Twitter: @warsan_shire | Instagram: @warsanshiree
[Photo credit: Leyla Jeyte]
Briefly, A Delicious Life by Nell Stevens (Picador, Pan Macmillan)
In 1838 Frédéric Chopin, George Sand and her children travel to a monastery in Mallorca. They are there to create and to convalesce, to live a simple life after the wildness of their Paris days.
Witness to this tumultuous arrival is Blanca, the ghost of a teenage girl who has been at the monastery for over three hundred years. Blanca’s was a life cut short and she is outraged. Having lived in a world full, according to her mother, of ‘beautiful men’, she has found that in death it is the women she falls for, their beauty she cannot turn away from, and it is the women and girls who, over her centuries in the village and at the monastery, she has sought to protect from the attentions of men with what little power she has. And then George Sand arrives, this beautiful woman in a man’s clothes, and Blanca is in love.
But the rest of the village is suspicious of the newcomers, and as winter sets in, as George tries to keep her family and herself from falling apart, as Chopin writes prelude after prelude in despair on his tuneless piano, their stay looks likely to end in disaster...
Nell Stevens, Briefly, A Delicious Life (Picador, Pan MacMillan)
Nell Stevens writes memoir and fiction. She is the author of Bleaker House and Mrs Gaskell and Me, which won the 2019 Somerset Maugham Award. She was shortlisted for the 2018 BBC National Short Story Award. Her writing has been published in The New York Times, Vogue, The Paris Review, The New York Review of Books, The Guardian, Granta, and elsewhere. Nell is an Assistant Professor in creative writing at the University of Warwick. Briefly, A Delicious Life is her debut novel.
Twitter: @nellstevens
[Photo credit: Juliana Johnston]
No Land to Light On by Yara Zgheib (Atlantic Books [Allen & Unwin])
Boston, 2017: When Hadi returns to his heavily pregnant partner Sama after a trip to Jordan to bury his father, he is stopped at border control - a hostile new immigration law has just been enacted - while she awaits him on the other side.
Worlds apart, suspended between hope and disillusion as hours become days become weeks, Sama and Hadi yearn for a way back to each other, and to the life they'd dreamed up together. But does that life exist any more, or was it only an illusion?

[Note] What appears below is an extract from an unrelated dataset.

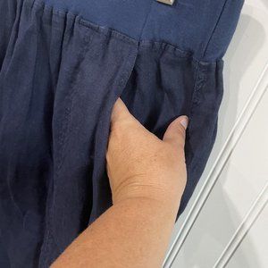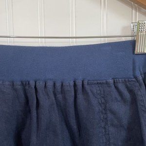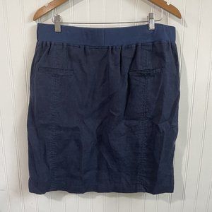Soft Surroundings Skirt Womens Large Navy Blue Linen Knee Length Pockets
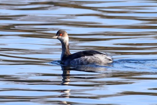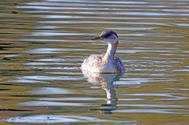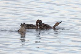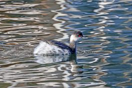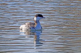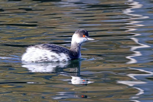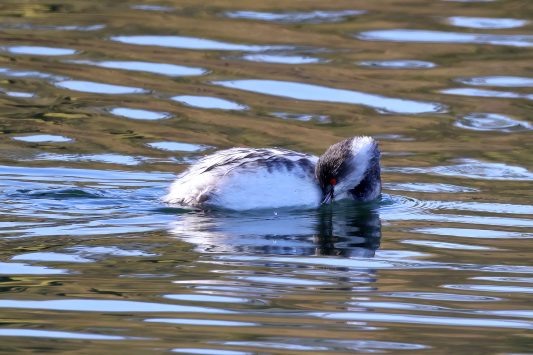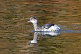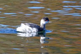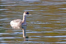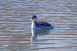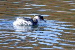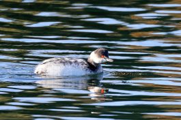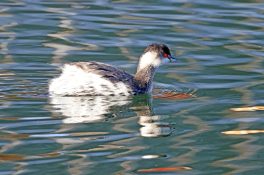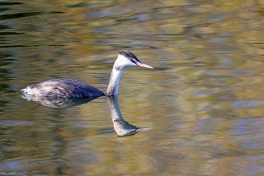 - Am westlichen Ende von Rimsting sind wieder Schwartzhalstaucher, Rothalstaucher und Ohrentaucher auf Nahrungssuche. Alle befinden sich noch im Schlichtkleid. Die Schatten der Bootshütten und Poller und Herbst und Sonnenschein ergeben interessante farbige Spiegelungen auf der Wasseroberfläche.

Achingly intimate yet poignantly universal, No Land to Light On is the story of a family caught up in forces beyond their control, fighting for the freedom and home they found in one another.
Yara Zgheib, No Land to Light On, (Atlantic Books [Allen & Unwin])
Yara Zgheib is the author of the critically acclaimed The Girls at 17 Swann Street, which was a People pick for best new books and received rave reviews from The New York Times Book Review, Publishers Weekly, Kirkus Reviews, Booklist, and Bustle.
She is a Fulbright scholar with a master's degree in security studies from Georgetown University and a PhD in international affairs in diplomacy from Centre d' Études Diplomatiques et Stratégiques in Paris.